Attempted fixes in Hex app code:
1. ❌ Unload WhisperKit after transcription (`whisperKit = nil`)
2. ❌ Disable all audio recording warmup/priming
3. ❌ Destroy AVAudioRecorder immediately after use
4. ❌ Disable audio level metering
5. ❌ Prevent AVAudioEngine from staying active
6. ❌ Explicit cleanup of all audio resources
7. ❌ Force GC delays

**None of these helped** - the problem persists even when we destroy everything in our Swift code.
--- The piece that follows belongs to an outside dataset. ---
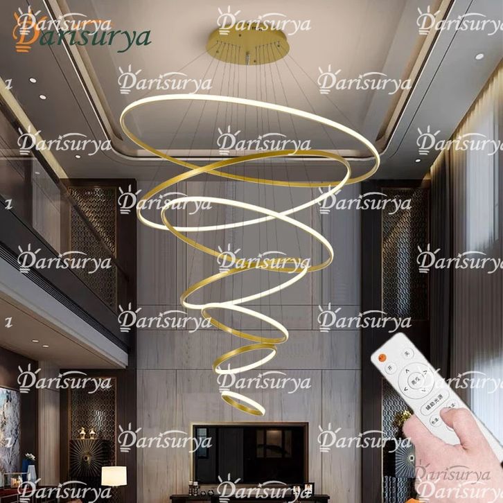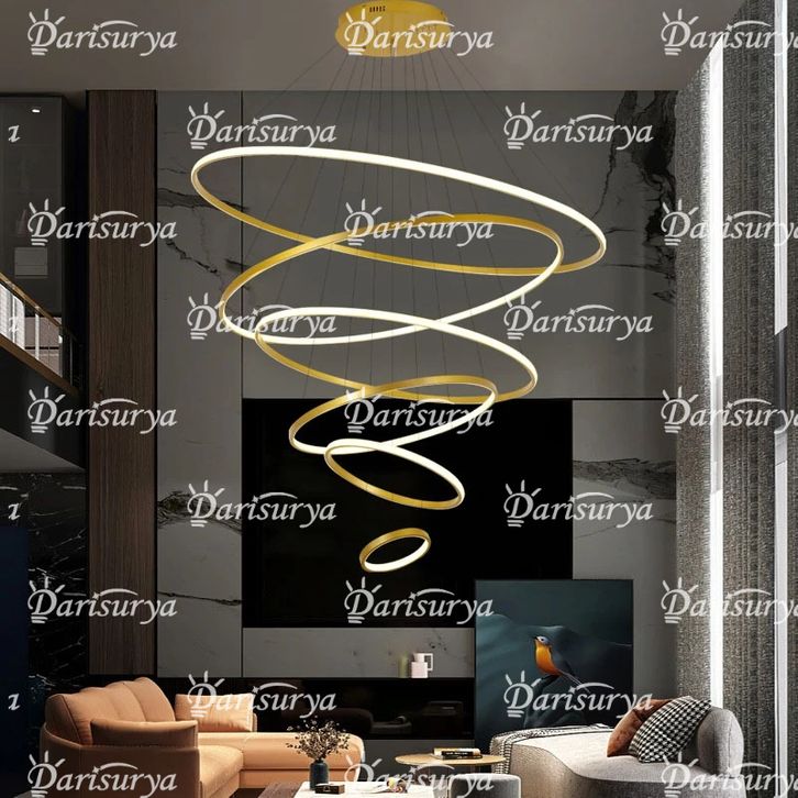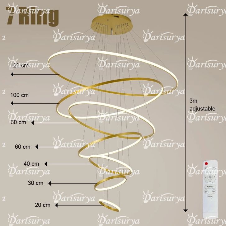 Lampu Hias Mewah Lampu Gantung Ring M0Dern Minimalis 9old 7 Ring 120CM LED 3 Warna Pendant Light Void Ruw4ng Tamu Caha
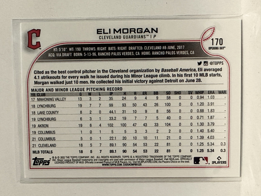 #170 Eli Morgan Rookie Cleveland Guardians 2022 Topps Opening Day Baseball Card

### Proof It's WhisperKit/CoreML

1. App has **ZERO audio activity** in logs after transcription
2. No audio files remain open
3. No recorder instances active
4. `lsof` shows only CoreML `.bnnsir` model files
5. Problem only occurs **after first transcription** (when CoreML models load)
6. Quitting app immediately fixes it (releases CoreML resources)

## Related Issues

This appears similar to known CoreML audio processing bugs:

1. **whisper.cpp #1202**: "CoreML + calls to whisper_full result in increased memory usage"
   - MLMultiArray allocations in `whisper_coreml_encode` never freed
   - https://github.com/ggml-org/whisper.cpp/issues/1202

2. **whisper.cpp #797**: "Increasing memory usage over time with CoreML"  
   - https://github.com/ggml-org/whisper.cpp/issues/797

3. **WhisperKit #265**: "Memory leak when repeatedly destroying and re-instantiating WhisperKit"
   - https://github.com/argmaxinc/WhisperKit/issues/265

## Root Cause Hypothesis

WhisperKit uses **CoreML's Audio Feature Print** or similar audio processing APIs. When the model is loaded for the first time:

1. CoreML initializes an **audio processing graph** in `coreaudiod`
2. This graph processes audio for feature extraction during transcription
3. Even after transcription completes and WhisperKit is deallocated, **CoreML doesn't release the audio processing graph**
4. The graph stays active, polling/processing at 10Hz or similar
5. This causes persistent high `coreaudiod` CPU usage

## Potential Solutions

### Option 1: WhisperKit Framework Fix (Ideal)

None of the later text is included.